Fix more test flakiness #467

fajpunk · 2025-11-21T20:22:23Z

The app metrics resiliency tests intentionally break aiokafka clients
in an unclean way. When the aiokafka objects get garbage collected,
Python asyncio logs warning messages that task exceptions were never
retrieved, like this:

asyncio:base_events.py:1879 Future exception was never retrieved
future: <Future finished exception=NodeNotReadyError('Attempt to send a request to node which is not ready (node id 1).')>
aiokafka.errors.NodeNotReadyError: NodeNotReadyError: Attempt to send a request to node which is not ready (node id 1).

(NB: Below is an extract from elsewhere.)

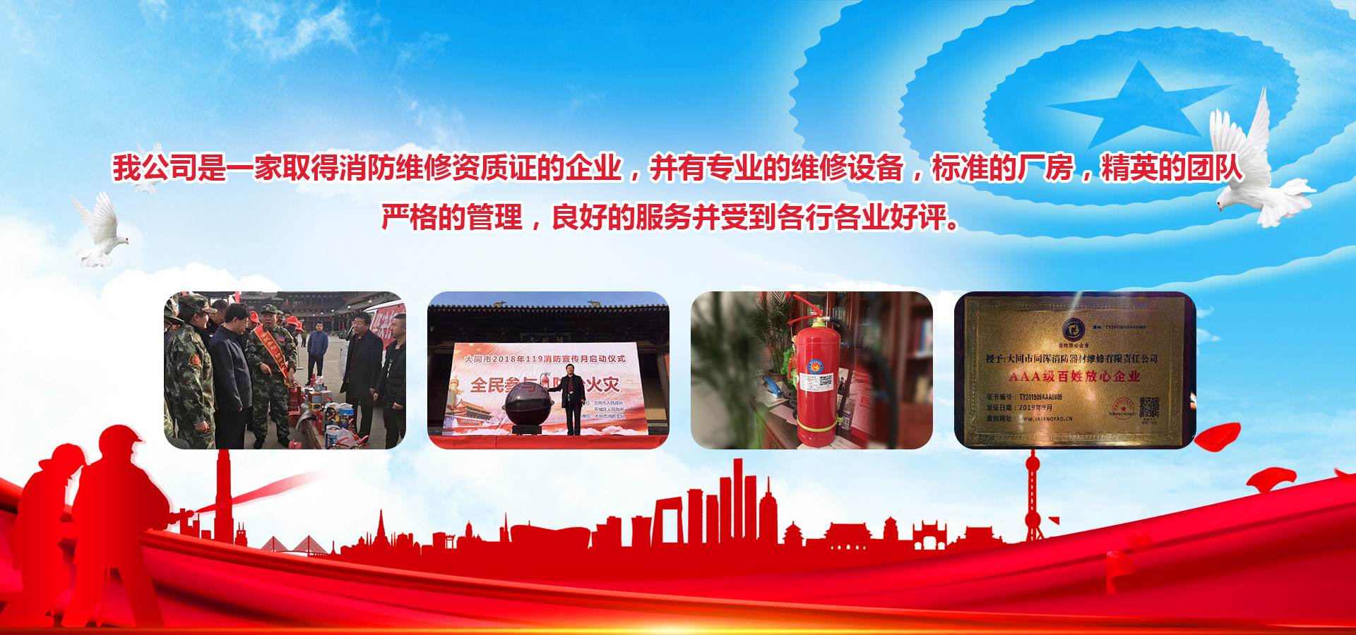 大同市同渾消防器材維修有限責(zé)任公司,位于大同市同泉路389號,始建于2000年,是公安部消防局定點(diǎn)銷售和維修的企業(yè),歷經(jīng)多年的創(chuàng)建、發(fā)展和拼搏,現(xiàn)有多家消防器材廠商供應(yīng)我公司,并有現(xiàn)代化維修設(shè)備,標(biāo)準(zhǔn)的廠房,嚴(yán)格的管理,優(yōu)良的設(shè)備,良好的服務(wù)并受到各行各業(yè)的好評。總經(jīng)理劉國玉嚴(yán)格管理,嚴(yán)格要求,精益求精,認(rèn)真負(fù)責(zé),帶領(lǐng)團(tuán)隊(duì)熱烈歡迎各界朋友顧客光臨。

The time that this logging happens is not deterministic. It can mess up
other tests, like tests of the Sentry functionality because the log
messages get picked up by the mock Sentry transport if they happen after
the Sentry fixtures have initialized:

https://github.com/lsst-sqre/safir/actions/runs/19583537252/job/56087067160

There may be a way to deterministically and cleanly cancel these failed
tasks, or it may be a bug in the aiokafka library, but until we figure
it out, run these last to make sure they don't infect other tests.

rra

Looks good as a workaround. I guess ideally we'd explicitly close the clients and catch the exception, but I don't know how to do that.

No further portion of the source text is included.